「百合緋様はお休み中なのですか……」

「うん。たまに調子を崩すんだ」

「白の式がついてるから、そう心配はねーよ」

「………」

(なんでだ。どうしてこうなった。なんでこの四人で帰っている?)

煌の頭の中は疑問符だらけだった。

昼に月音と友達になったばかりの白桜が(しかも脅して)当たり前のように、下校しようとしていた月音と煌のところへやってきたのだ。

校舎を出たとことで黒藤もやってきて、この面子とあいなった。

視線を……視線を浴びまくっている……。

目立つ二人と、その二人をつけまわしていた月音が一緒にいるので、何事だとひそひそ言われているのも聞こえてくる。
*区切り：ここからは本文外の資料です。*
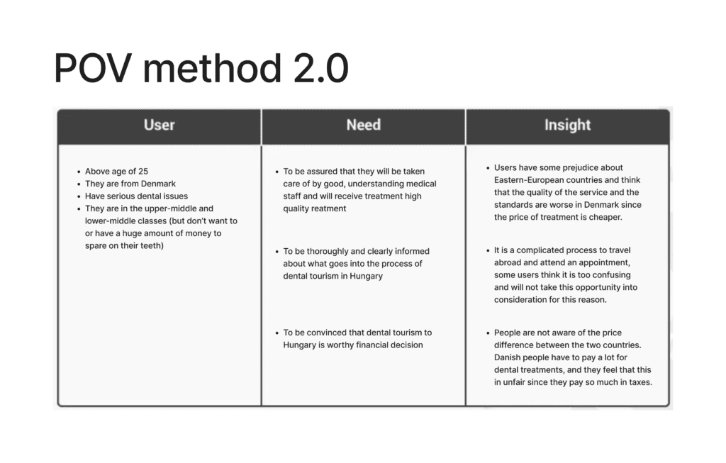 However, Danish users are hesitant to travel abroad for dental care due to concerns about cost, quality, and the logistics of planning a trip. Our challenge was to design a website that would address these concerns and make dental tourism in Hungary an attractive option for Danish users.
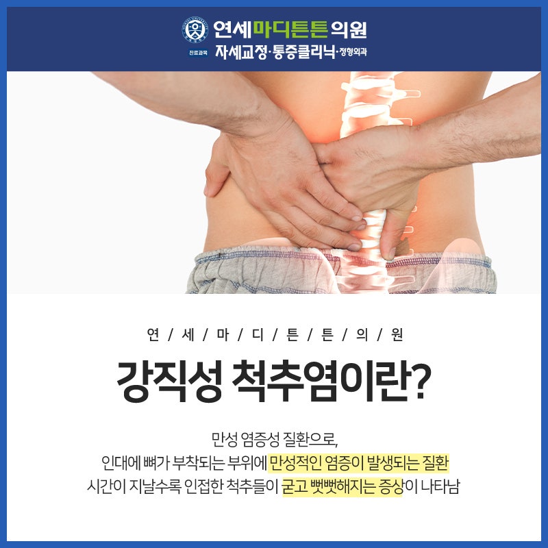 안녕하세요. 향남코리아정형외과 입니다. 추석 연휴가 얼마 남지 않았지만 또 한 번의 명절이 찾아왔습니다. 요 며칠 가을공기가 높고 선선하니 조금 쌀쌀하긴 하지만 외출하기 좋은 날씨인 것 같습니다. 예전 같으면 이맘때면 많은 사람들이 단풍을 보러 갔을 텐데. 다만, 코로나가 여전한 만큼 사람이 많이 모이는 곳을 피하고, 외출 시 마스크를 착용하고, 밖에서 손을 자주 씻는 등 건강을 유지하도록 힘쓰시기 바랍니다. 사회적 거리두기를 지키면서 즐거운 명절 보내시길 바랍니다. 오늘은 허리가 뻣뻣하고 엉덩이나 허벅지 뒤쪽에 통증이 있는 것이 특징인 강직성 척추염에 대해 말씀드리려고 합니다.
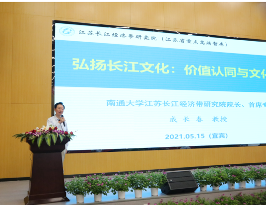 南通大学原党委书记、博士生导师、江苏长江经济带研究院院长兼首席专家成长春教授报告主题是《弘扬长江文化:价值认同与文化自信》。他从“研究长江文化内涵,夯实价值认同基础;创新长江文化产品实现机制,提升文化价值赋能;推进山水人城和谐共融,增强文化自信”三方面,提出要以“长江文化”价值认同构建长江经济带价值共同体,以社会主义核心价值观引领“长江文化”产品创新,树立“文化是魂、和谐共生是本、人民是核”的战略观念,推动长江经济带高质量发展。

自分だけ部外者の自覚のある煌はなかなかに居心地の悪い思いだ。

「白桜様は、月御門の方と帰ったりしないのですか?」

「うん、基本的にみんなそれぞれの時間軸があるから。俺は百合姫とは一緒だけど、それだけだよ」

「そうなのですか……」

月音もいい加減白桜と会話することにも慣れてきたようだ。

(いいことなんだけど……友達だし……もやっとするのは月御門がイケメン極めてるからだろうなあ)

実は腹黒い面もあると知ってしまったが、基本的に見目だけでなく言動がイケメンというのが白桜だ。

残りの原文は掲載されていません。